Bislett Stadium (Bislett stadion) is a sports stadium in Oslo, Norway. Bislett is Norway's most well known sports arena internationally, with 15 speed skating world records and more than 50 track and field world records having been set here. The original stadium was demolished in 2004 and construction of a new stadium was completed by the summer of 2005. The New Bislett Stadium was designed by C.F. Møller Architects.

== History ==
Bislett Stadium lies on the site of a 19th-century brick works, which was bought by the Municipality of Kristiania (Oslo) in 1898, and turned into a sports field in 1908. The merchant, speed skater, gymnast and sports organizer Martinus Lørdahl was instrumental in facilitating the construction of the first bleachers, begun in 1917 and completed in 1922 along with the new club house. One of the squares outside the stadium is named Martinus Lørdahl's Square, in his honour. Bislett became Norway's main arena for speed skating and track and field in 1940 when the architect Frode Rinnan's new functionalistic stadium was completed, with a capacity of 20,000. Rinnan was also responsible for the renovation of the stadium for the 1952 Winter Olympic Games in Oslo. At those games, the stadium hosted some of the figure skating and the speed skating events. Bislett has hosted the Bislett Games since 1965, an annual track and field event in the IAAF Golden League (from 2010: the Diamond League). The venue hosted the Norwegian Athletics Championships 18 times, in 1926–29, 1931–36, 1938–39, 1947, 1949, 1951–52, 1955 and 2006.

== New stadium ==
Bislett's career as a speed skating venue ended in 1988, when it was decided that ice production would discontinue, even though the stadium did not meet international requirements for any other sport. The stadium was quickly becoming run down and even dangerous, but it would take more than decade of debate before the city council decided that Bislett was to be demolished and rebuilt. Especially the matter of whether or not Bislett would continue to host speed skating events provided tensions between the various parties involved, leaving nostalgics disappointed when it turned out not to be so. Speed skating has increasingly become an indoor sport and providing the famous record breaking ice would no longer be possible if the stadium was to be optimized for athletics and football. The old Bislett was appreciated for its architecture and its atmosphere, not to mention its illustrious record history, and it was perhaps then a fitting gesture that the new stadium was built in record breaking time – construction lasted only ten months. The new stadium designed by Danish architecture practice C. F. Møller Architects was inaugurated with the Bislett Games on 29 July 2005.
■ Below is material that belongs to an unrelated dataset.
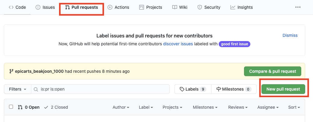 Pull requests를 보면 방금 만든 풀 리퀘스트(pull requests)가 있는 것을 볼 수 있습니다.
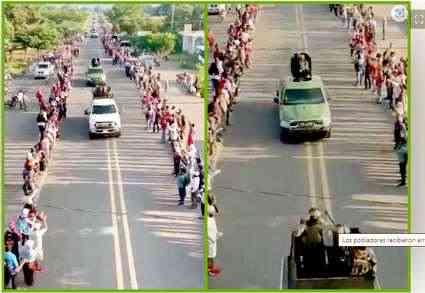 Ladesesperanzayelmiedoentrelos habitantesdelestadodeChiapas alcanzantintesdramáticos,luegode darseaconocerdistintasimágenesde loshabitantesalmomentoderecibir entreaplausoscamionetasconblindajeartesanaldeintegrantesdelCártel deSinaloaenunazonaqueseencuentra endisputaconelCártelJaliscoNueva Generación(CJNG).

The New Bislett Stadium meets international requirements for track and field events. The running track now has eight lanes with a 37.5 m turning radius (the previous stadium only had six lanes, forcing the Bislett Games organizers to install temporary lanes on the long stretch for the 100 m event). The track has received a 1st class certification by World Athletics, shared by only a handful other stadiums in Northern Europe. In addition, there is an indoor running track beneath the stands for warming up and for indoor workouts during the winter, and the construction of an underground sports hall is under consideration. The new turning radius has provided space for a 105 m × 68 m football pitch, and the stadium currently meets national requirements for hosting football matches in the Norwegian Premier League.

== Speed skating ==
The World Speed Skating Championships were held at Bislett for the first time in 1925, but it was not until 1940 that Bislett became the main venue for speed skating in Oslo. Since then one unofficial World Championship event right before the start of World War II and 11 more official World Championships have been held here, from 1947 to 1983. Bislett has also hosted ten European Championships, with the last one being held in 1986. Norwegian speed skaters Hjalmar Andersen, Knut Johannesen, Fred Anton Maier and Kay Stenshjemmet have all become European Champions at Bislett.

The largest speed skating event at Bislett was that of the 1952 Olympics. Hjalmar Andersen won three gold medals.

Despite its low-lying altitude, Bislett was on many occasions able to provide ice of a high quality, resulting in ten single distance world records and five overall world records. In 1963, Knut Johannesen broke Boris Shilkov's eight-year-old 5000 m world record from Medeo, with the time 7:37.8. Jonny Nilsson improved the record by around four seconds during the World Championships in 1965. Fred Anton Maier was able to set a 10000 m world record here twice, in 1966 and in 1968. Bislett has seen an additional two 10000 m records, and both times the record was snatched back from Medeo. Sten Stensen set a time of 14:50.31 during the European Championships in 1976. Tomas Gustafson's 14:23.59 from 1982 was Bislett's final speed skating world record.

The European Championships in 1986 proved to be the last major speed skating event at Bislett, as ice production was halted two years later.

== Bandy ==
When bandy was a demonstration sport at the 1952 Winter Olympics, one match was played at Bislett.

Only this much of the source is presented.